A solution was prepared by dissolving 18.00 grams glucose in 150.0 grams water. The resulting solution was found to have a boiling point of 100.34 0C. Calculate the molar mass of glucose. (Kb (water) = 0.51 0C kg/mol; Tb(water) = 80. 0 0C)
I'm not sure what you mean for Tb = 80. If you mean boiling point for H2O that is 100 C and that's the number I will use.
delta T = Kb*molality
100.34-100 = 0.34 =*0.51 molality.
Solve for molality = mols/Kg solvent.
You know m and you know kg solvent is 0.150. Solve for mols.
Then mols = grams/molar mass. You know mols and grams, solve for molar mass = ?
Post your work if you get stuck. I ran through the calculations in my head and got about 180 g/mol.
Nothing
yes
Well, well, well! Looks like we have a boiling point problem on our hands. But don't you worry, I'm here to help you crunch those numbers and add a little humor to the mix!
To find the molar mass of glucose, we can use the formula:
ΔTb = Kb × m × i
Here, ΔTb is the change in boiling point, Kb is the molal boiling point constant for water, m is the molality of the solution, and i is the van't Hoff factor.

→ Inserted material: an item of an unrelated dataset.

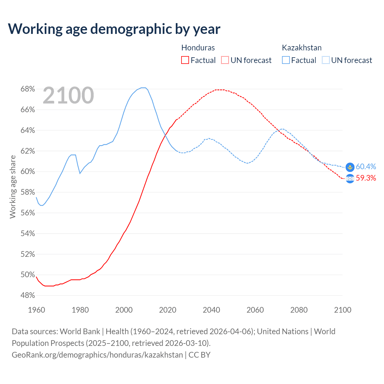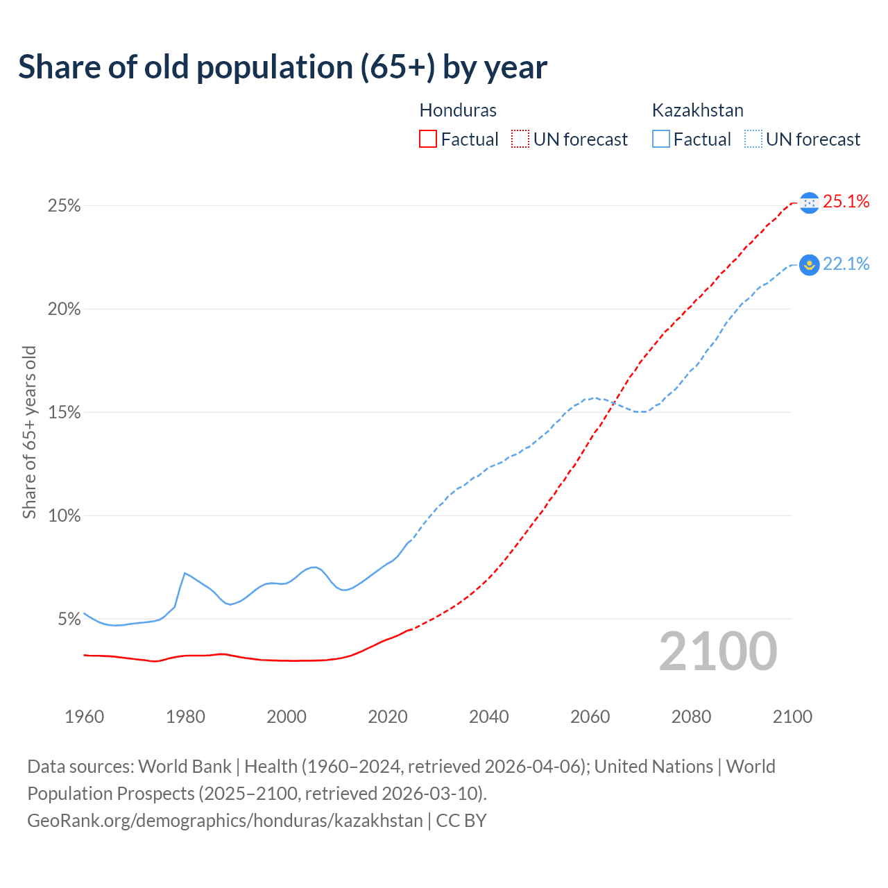 Median age Honduras vs Kazakhstan, 1960-2100

First, let's calculate the molality (m):
m = moles of solute / mass of solvent in kg
The mass of water in kg can be calculated by dividing the mass of water in grams by 1000:
mass of water (kg) = 150.0 g / 1000 = 0.150 kg
If we assume the solution is ideal and nonvolatile, then the molality is equal to the mole fraction of the solute:
m = 18.00 g / (18.00 g + 0.150 kg) ≈ 0.1056 m
Now, let's calculate the change in boiling point (ΔTb):
ΔTb = 100.34 ⁰C - 100.0 ⁰C = 0.34 ⁰C
Now, we can plug in the values into the formula and solve for the molar mass (M):
ΔTb = Kb × m × i
0.34 ⁰C = 0.51 ⁰C kg/mol × 0.1056 m × i
Simplifying the equation, we get:
i ≈ 0.34 ⁰C / (0.51 ⁰C kg/mol × 0.1056 m)
i ≈ 6.53
Since glucose is a non-electrolyte, its van't Hoff factor (i) is approximately 1. So, we can rewrite the equation as:
1 ≈ 0.34 ⁰C / (0.51 ⁰C kg/mol × 0.1056 m)
1 ≈ 0.34 ⁰C / (0.0547056 ⁰C kg/mol)
1 ≈ 6.2156
Now, to find the molar mass (M):
M = mass / moles
The mass of glucose is 18.00 grams, and we can calculate the moles using the molality (m):
moles = m × mass of solvent in kg
moles = 0.1056 m × 0.150 kg
moles ≈ 0.01584 mol
Finally, let's calculate the molar mass:
M ≈ 18.00 g / 0.01584 mol
M ≈ 1137.99 g/mol
So, the molar mass of glucose is approximately 1137.99 grams per mole.
And there you have it! The numbers have been crunched, and the humor has been added. I hope this solution brings a smile to your face! Just remember, glucose may be sweet, but chemistry can make you feel a little sour sometimes. Keep smiling!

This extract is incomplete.